Personal information
- Born: March 14, 1976 (age 50) Gainesville, Florida, U.S.

Career information
- High school: Gainesville (FL) P. K. Yonge
- College: Auburn
- NFL draft: 1999: undrafted

Career history
- Miami Dolphins (1999–2002); Frankfurt Galaxy (2003); Minnesota Vikings (2003); Toronto Argonauts (2004–2006);

Awards and highlights
- Grey Cup champion (2004);

Career NFL statistics
- Games played: 10
- Receptions: 1
- Receiving yards: 17
- Stats at Pro Football Reference

= Robert Baker (gridiron football) =

American gridiron football player (born 1976)

Robert Cedrick Baker, III (born March 14, 1976) is a former professional gridiron football player, most recently with the Toronto Argonauts of the Canadian Football League from 2004 to 2006 as a slotback and wide receiver. He is the older brother of the late Dante Anderson.

==Early life==
Baker played college football with the Auburn Tigers football team from 1995 to 1996, but was declared academically ineligible to play in 1997. His college career is most remembered by a first quarter touchdown pass he caught against Georgia in 1996. After the touchdown, Baker began celebrating near Georgia mascot, Uga V. The dog lunged at Baker, with the incident now captured in a famous picture.

In 1998, Baker began his life as a drug dealer. He was later arrested by police in Florida in an undercover drug sting, subsequently getting sentenced to 15 years in prison with a $50,000 fine. Baker spent the next five months in a Lee County, Florida jail, then transferred to the state penitentiary. Eleven months after the transfer, Baker got his early release.

==National Football League==
Between 1999 and 2003, Baker was a member of the Miami Dolphins of the National Football League, spending equal time on the active roster, injured reserve, the practice squad or even being cut from the team before getting re-signed a year later. Baker has also played with the Frankfurt Galaxy of NFL Europe in 2003.

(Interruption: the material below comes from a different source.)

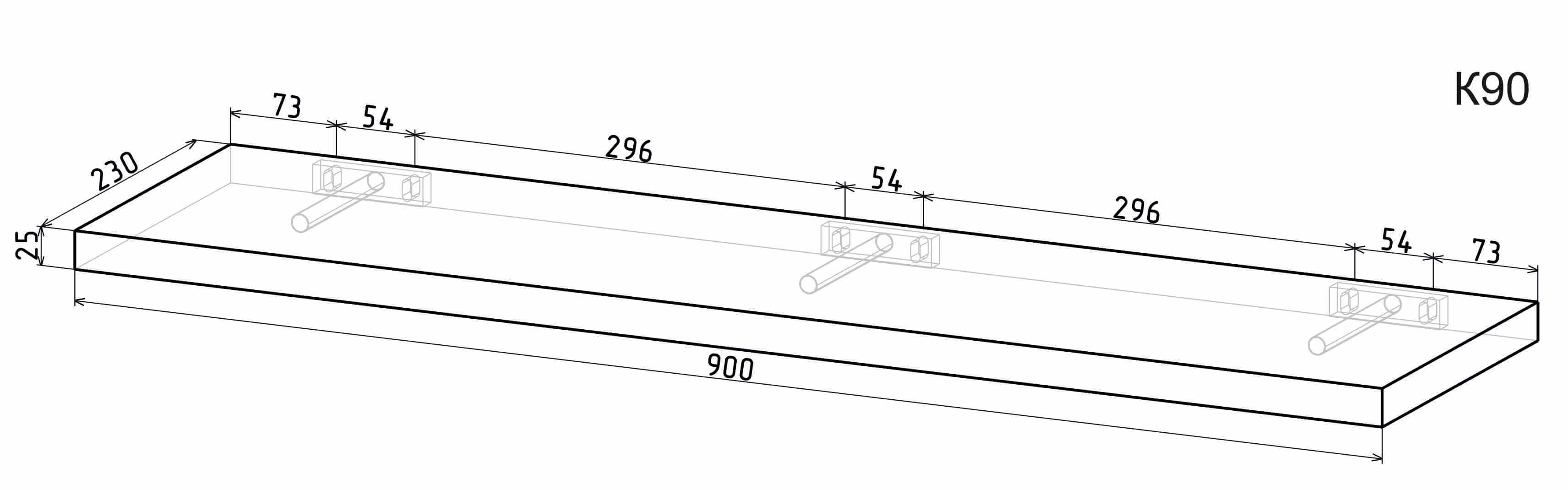 Полка К90 (Дуб Стирлинг) Ш900 В25 Г230

==Canadian Football League==
On March 16, 2004, Baker signed with the Argonauts. In each of his first two seasons with the Argonauts, he had amassed over 1,000 receiving yards each time. Baker also won a Grey Cup championship in his first year with the team, scoring a 23-yard touchdown reception. Despite those achievements, Baker was also known for his inconsistent performances that featured either untimely dropped passes or fumbles after making his receptions. Baker also developed a reputation as an undisciplined player with a rough attitude, most notably fights with two of his teammates. In 2004, Baker and linebacker Chuck Winters got involved in two separate fights which were later resolved with a handshake. In 2005, a sideline fight between Baker and kicker Noel Prefontaine ensued on the sidelines during a game in Calgary. On August 3, 2006, coach Pinball Clemons kept Baker from entering a game in the first half against the Montreal Alouettes for disciplinary reasons. He was later released by the Argonauts on August 8, 2006. He was claimed off waivers by the Winnipeg Blue Bombers on August 11, 2006, but did not report to the team. On August 22, 2006, Baker announced his retirement from professional football to pursue a career in rap music under the recording name Shake Severs.

==Prison sentence==
Baker was stopped for a traffic violation in Georgia on January 20, 2013. Police say they found 59.5 grams of heroin and a semi-automatic pistol in his car. He pleaded guilty in October 2013 to federal heroin trafficking and firearms charges, and he was sentenced to six years and three months in prison.